Coupling accomplished via an electric field is related to and correctly described as capacitive coupling. Coupling accomplished via a magnetic field is related to and correctly described as inductive coupling. The electric and magnetic field coupling are vector quantities and often occur simultaneously. Thus their vector quantities can be added or subtracted and as such can reinforce one another or can cancel one another. It has been discovered that by geometrically arranging multiple helical coils side-by-side, the electric and magnetic (capacitive and inductive) vector quantities can be made to add and subtract to reduce electromagnetic coupling with the other helical coils and enhance electromagnetic coupling with the conductive straight portion. The combination of the electric and magnetic fields is an electromagnetic field. Each of the coils are spaced a mast distance from the bottom of the straight portion 240.

Electric field coupling decreases inversely as the distance between the coils increases.
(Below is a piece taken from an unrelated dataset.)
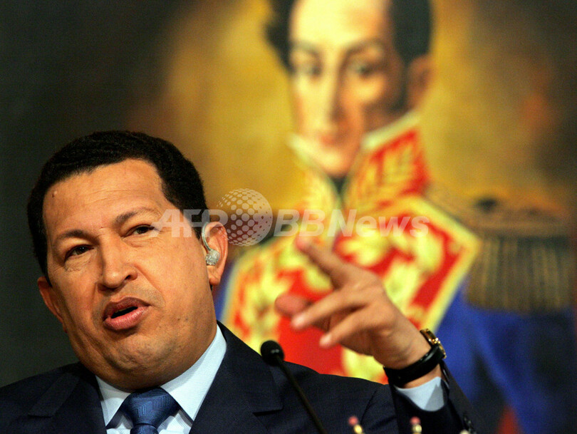 【カラカス/ベネズエラ 25日 AFP】ベネズエラのウゴ・チャベス(Hugo Chavez)大統領は23日夜、アルゼンチン、ブラジル、パラグアイ、ウルグアイが参加する南米の共同市場、メルコスル(MERCOSUR)へのベネズエラの「加盟手続き」が認められたとブエノスアイレス(Buenos Aires)で発表した。写真は24日、カラカス(Caracas)のミラフローレス(Miraflores)大統領宮殿で記者会見するチャベス大統領。(c)AFP/Juan BARRETO

Magnetic field coupling also decreases as the distance between the coils increases. But the magnetic field coupling decreases more rapidly than the electric field coupling with respect to the distance between the coils. The magnetic field decreases as the square of the coil distance assuming mathematical approximations valid in the small distances in the sizes used in portable devices. Thus, the coil 280 is are preferably distanced from the coils 210 and 220 where the magnitude of the electric and magnetic field coupling are equal.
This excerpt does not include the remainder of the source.